La présence de M. de Vienne, que milord d’Arondel avait trouvé chez la reine, et qui parut alors, vint le tirer de cet état heureux, et lui donner une inquiétude et un trouble comparable au plus grand qu’il eût jamais éprouvé. Ce moment allait décider de son sort.

Madame de Granson, dès qu’elle aperçut son père, alla se jeter à ses genoux, si pleine de crainte et de confusion, qu’il ne lui fut pas possible de prononcer une parole ; mais les larmes qu’elle répandait sur les mains de M. de Vienne parlaient pour elle.

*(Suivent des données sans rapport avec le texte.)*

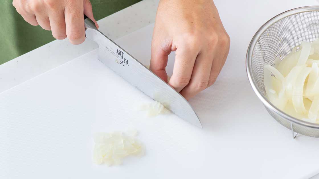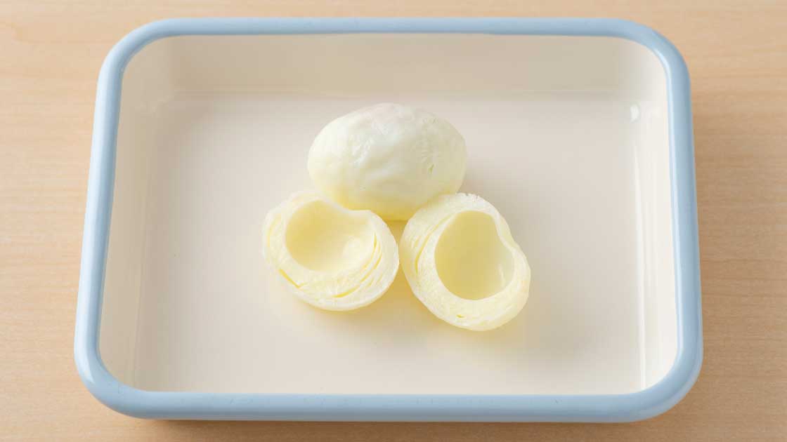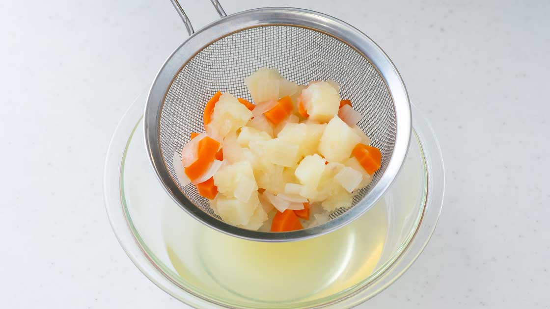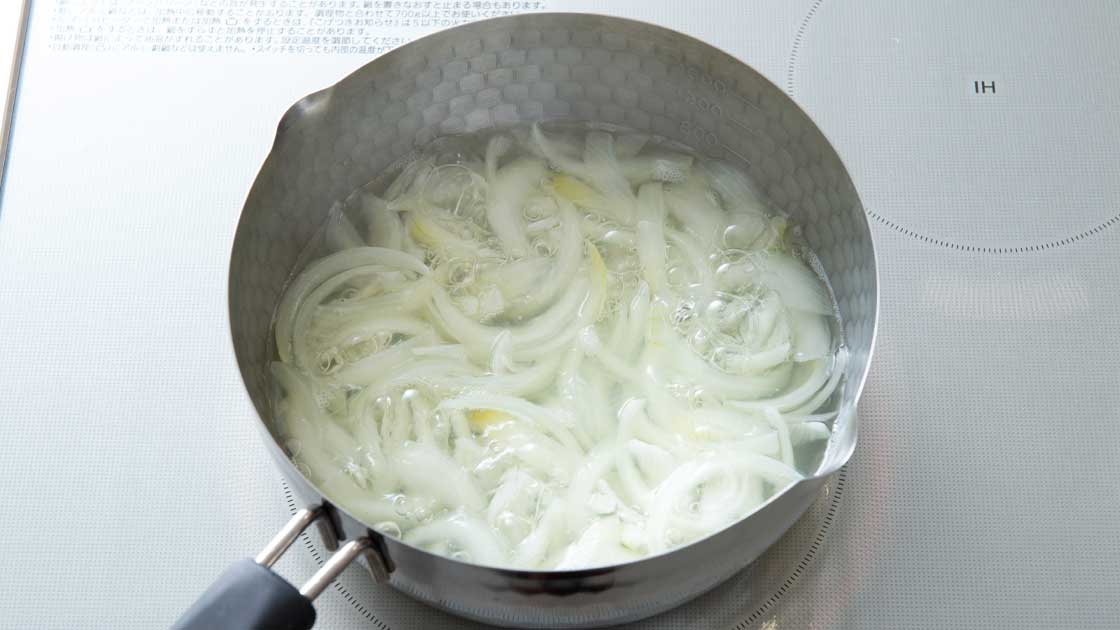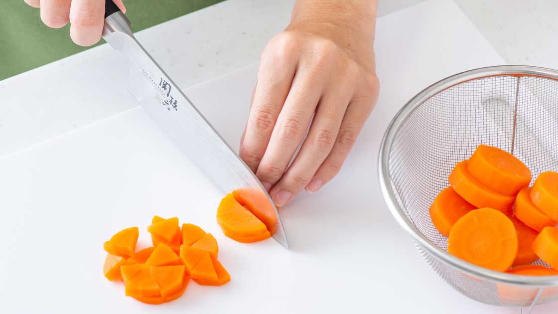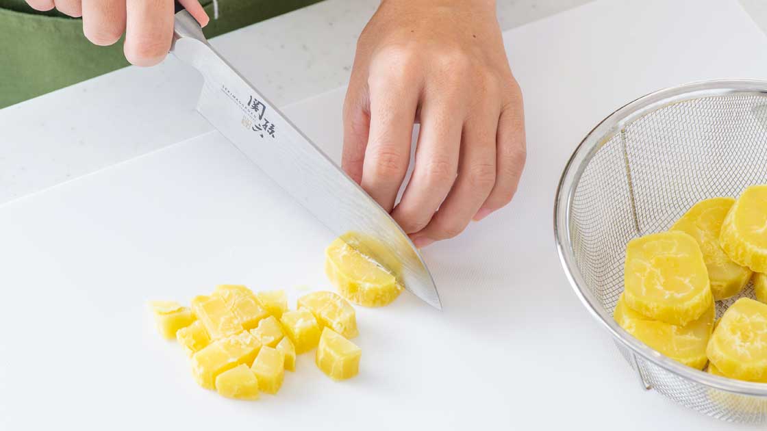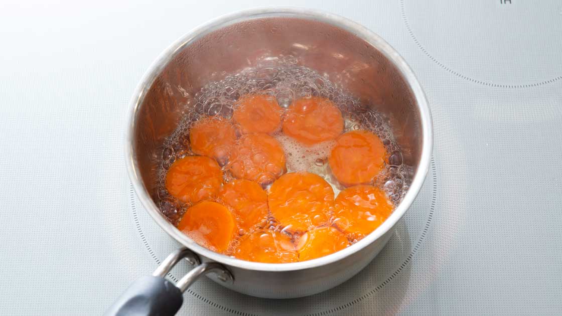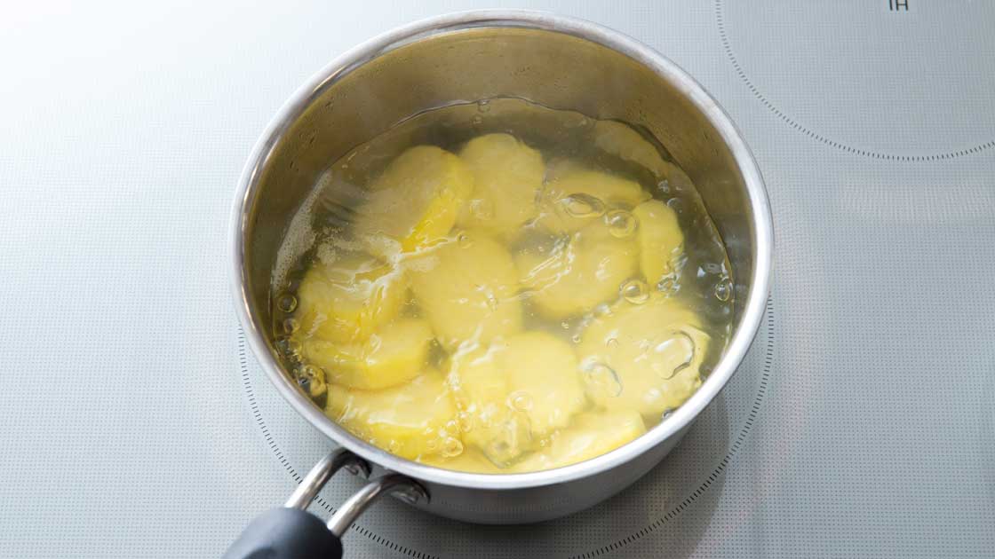 皮をむいて1㎝厚さに切り、水からじっくり、やわらかくゆでます。細かく刻んでからゆでるよりも、大きめのサイズでゆでるほうがやわらかくなります。
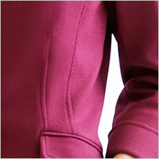 タテにもヨコにも伸びて動きやすいストレッチニット素材は、しっかり感があって型くずれしにくい上に通気性が高いので蒸れにくく快適です。
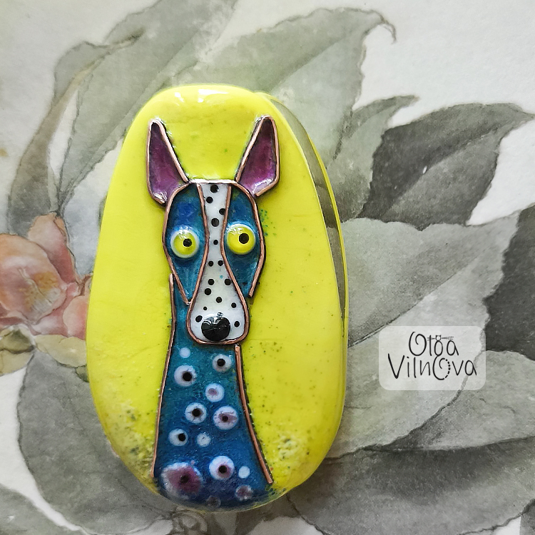 A blue dog with pink spots and a very knowing look. This lampwork bead captures that quiet moment when the day has barely begun, yet the weight of the world is already there - and the dog feels it before anyone says a word.
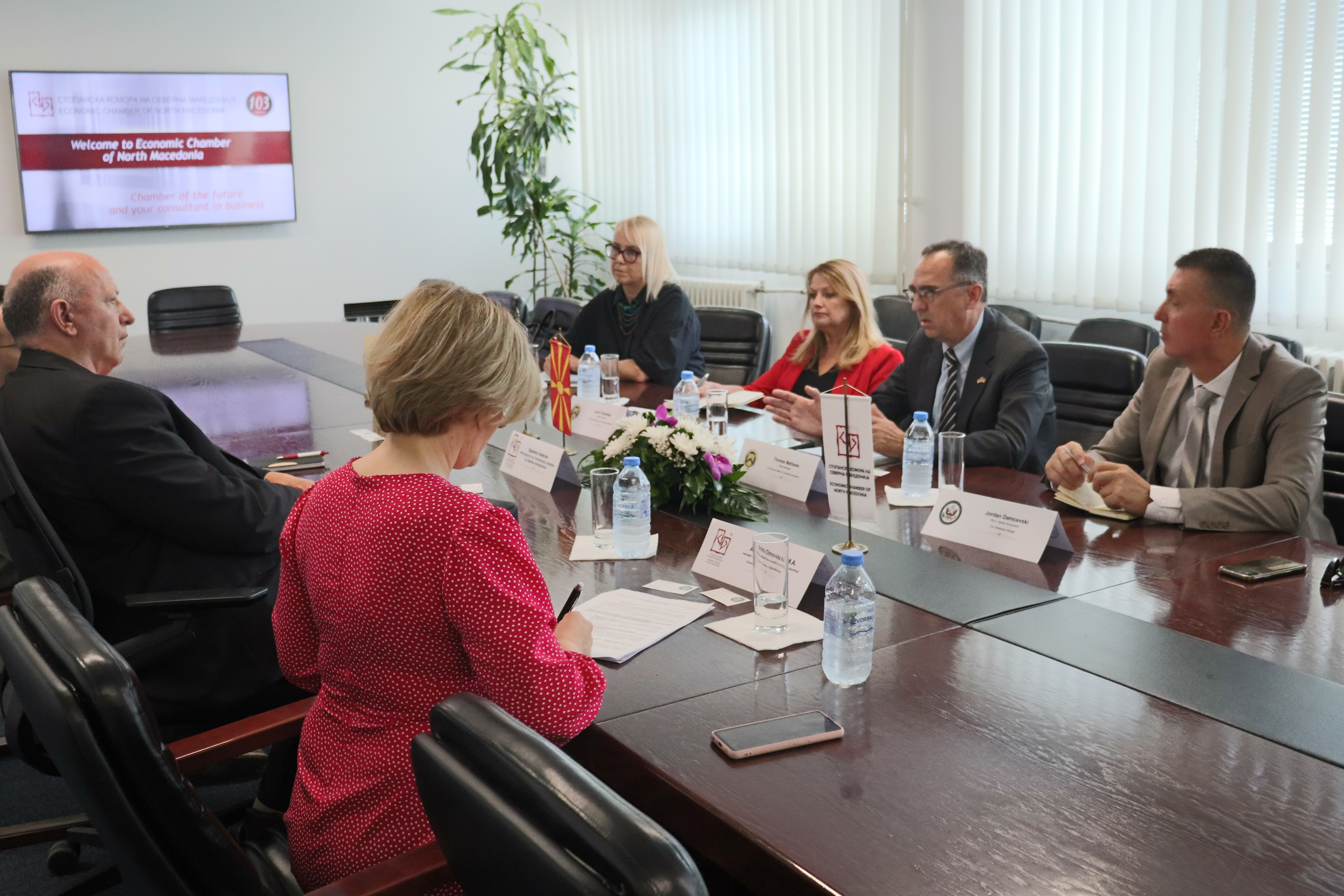 Today, at the premises of the Economic Chamber of North Macedonia, a working meeting was held between the Chamber’s President, Mr. Branko Azeski, and representatives from the U.S. Department of the Treasury – Mr. Thomas Matthew and Ms. Laura Hostelley, revenue policy advisors at the Department.
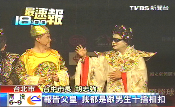 胡志強在臺上對扮演皇帝的郝龍斌說:“報告父皇,我都是跟男生十指相扣,跟你一樣,你也專門跟男人十指相扣!卑缪菝妹玫年愇能缫苍谂赃吰鸷,一起調侃郝龍斌日前和馬英九十指緊扣的牽手畫面。被搞笑攻擊的郝龍斌顯然招架不住,還一度接不上臺詞。(陳佳慧)
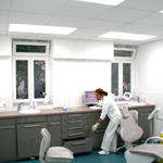 arztpraxis gefühlvoll eingefügt. die dental-technischen anlagen wurden behutsam in das bestehende gebäudegefüge integriert. | |
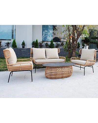 - Get trendy with the west coast inspired Pinecrest seating set. Pinecrest has a light airy feel while offering sturdy aluminum frames with hand woven synthetic wicker to remind us of bamboo. This set is sure to grab attention from all around. The oval coffee table top is made of a mix of poly resin and cement for durability and a sleek look
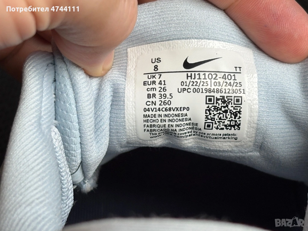 Размерът по етикет е 41 (какъвто си нося на други модели Nike), но отговарят на 40, леко ми стискаха и след час носене ме заболяваха глезените. Купих си същите 42 (съответно отговарят на 41) и сега нося тях без проблем. Явно моделът е такъв…. Понеже съм ги носил не мога да ги върна.

Je ne vous fais aucun reproche, ma chère fille, lui dit-il en l’embrassant ; le succès de votre entreprise l’a justifiée. Je me plains seulement de M. de Canaple, qui voulait me dérober, et à toute la terre, la connaissance d’une action aussi généreuse que la sienne, et qui m’a laissé ignorer des sentiments que je lui ai souhaités plus d’une fois. Il eût fallu, monsieur, pour prendre la liberté de vous parler, répliqua M. de Canaple, en être avoué, et je n’oserais même parler aujourd’hui.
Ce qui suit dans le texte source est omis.